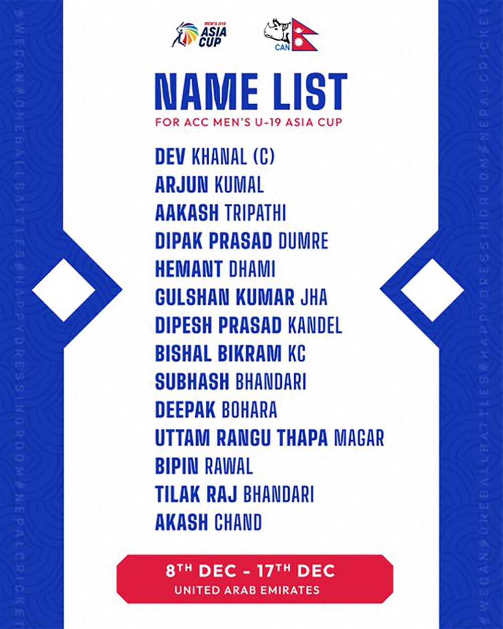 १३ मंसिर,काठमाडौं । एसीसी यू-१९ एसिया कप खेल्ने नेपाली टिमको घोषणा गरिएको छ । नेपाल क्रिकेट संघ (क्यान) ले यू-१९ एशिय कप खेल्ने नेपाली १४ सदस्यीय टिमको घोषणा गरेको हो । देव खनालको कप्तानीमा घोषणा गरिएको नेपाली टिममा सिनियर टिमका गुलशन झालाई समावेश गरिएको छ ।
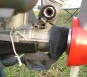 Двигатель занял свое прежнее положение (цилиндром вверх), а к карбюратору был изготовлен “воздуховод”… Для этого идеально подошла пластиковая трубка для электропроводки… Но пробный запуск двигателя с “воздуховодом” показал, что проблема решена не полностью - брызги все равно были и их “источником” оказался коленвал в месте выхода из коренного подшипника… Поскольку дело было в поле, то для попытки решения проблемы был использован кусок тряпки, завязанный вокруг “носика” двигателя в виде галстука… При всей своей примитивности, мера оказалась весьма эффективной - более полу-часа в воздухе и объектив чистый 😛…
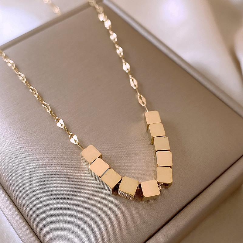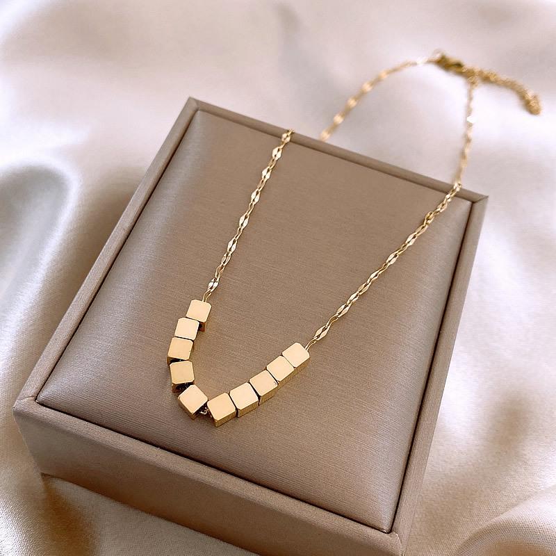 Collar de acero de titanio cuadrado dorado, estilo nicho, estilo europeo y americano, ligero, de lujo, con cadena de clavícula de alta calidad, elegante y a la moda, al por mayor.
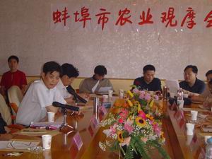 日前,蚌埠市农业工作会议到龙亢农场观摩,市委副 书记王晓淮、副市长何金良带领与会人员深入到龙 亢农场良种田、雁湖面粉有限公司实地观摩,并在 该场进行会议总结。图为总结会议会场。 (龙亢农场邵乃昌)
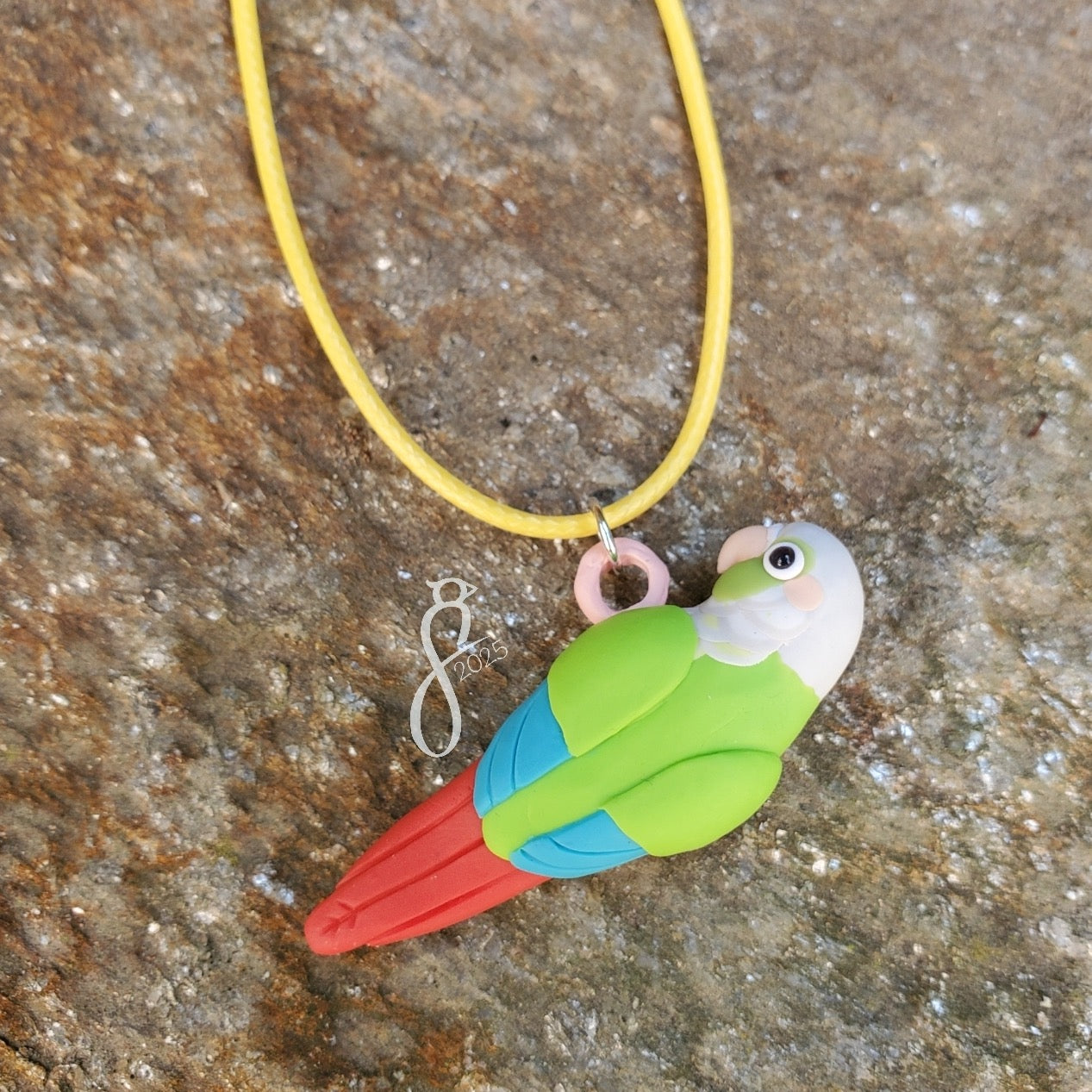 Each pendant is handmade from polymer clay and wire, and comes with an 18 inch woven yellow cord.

____

# TASK REQUIREMENTS
Although the records contain pictures, your copy should hold only the text, reproduced exactly.

# REPLY
 १३ मंसिर,काठमाडौं । एसीसी यू-१९ एसिया कप खेल्ने नेपाली टिमको घोषणा गरिएको छ । नेपाल क्रिकेट संघ (क्यान) ले यू-१९ एशिय कप खेल्ने नेपाली १४ सदस्यीय टिमको घोषणा गरेको हो । देव खनालको कप्तानीमा घोषणा गरिएको नेपाली टिममा सिनियर टिमका गुलशन झालाई समावेश गरिएको छ ।
 Двигатель занял свое прежнее положение (цилиндром вверх), а к карбюратору был изготовлен “воздуховод”… Для этого идеально подошла пластиковая трубка для электропроводки… Но пробный запуск двигателя с “воздуховодом” показал, что проблема решена не полностью - брызги все равно были и их “источником” оказался коленвал в месте выхода из коренного подшипника… Поскольку дело было в поле, то для попытки решения проблемы был использован кусок тряпки, завязанный вокруг “носика” двигателя в виде галстука… При всей своей примитивности, мера оказалась весьма эффективной - более полу-часа в воздухе и объектив чистый 😛…
 Collar de acero de titanio cuadrado dorado, estilo nicho, estilo europeo y americano, ligero, de lujo, con cadena de clavícula de alta calidad, elegante y a la moda, al por mayor.
 日前,蚌埠市农业工作会议到龙亢农场观摩,市委副 书记王晓淮、副市长何金良带领与会人员深入到龙 亢农场良种田、雁湖面粉有限公司实地观摩,并在 该场进行会议总结。图为总结会议会场。 (龙亢农场邵乃昌)
 Each pendant is handmade from polymer clay and wire, and comes with an 18 inch woven yellow cord.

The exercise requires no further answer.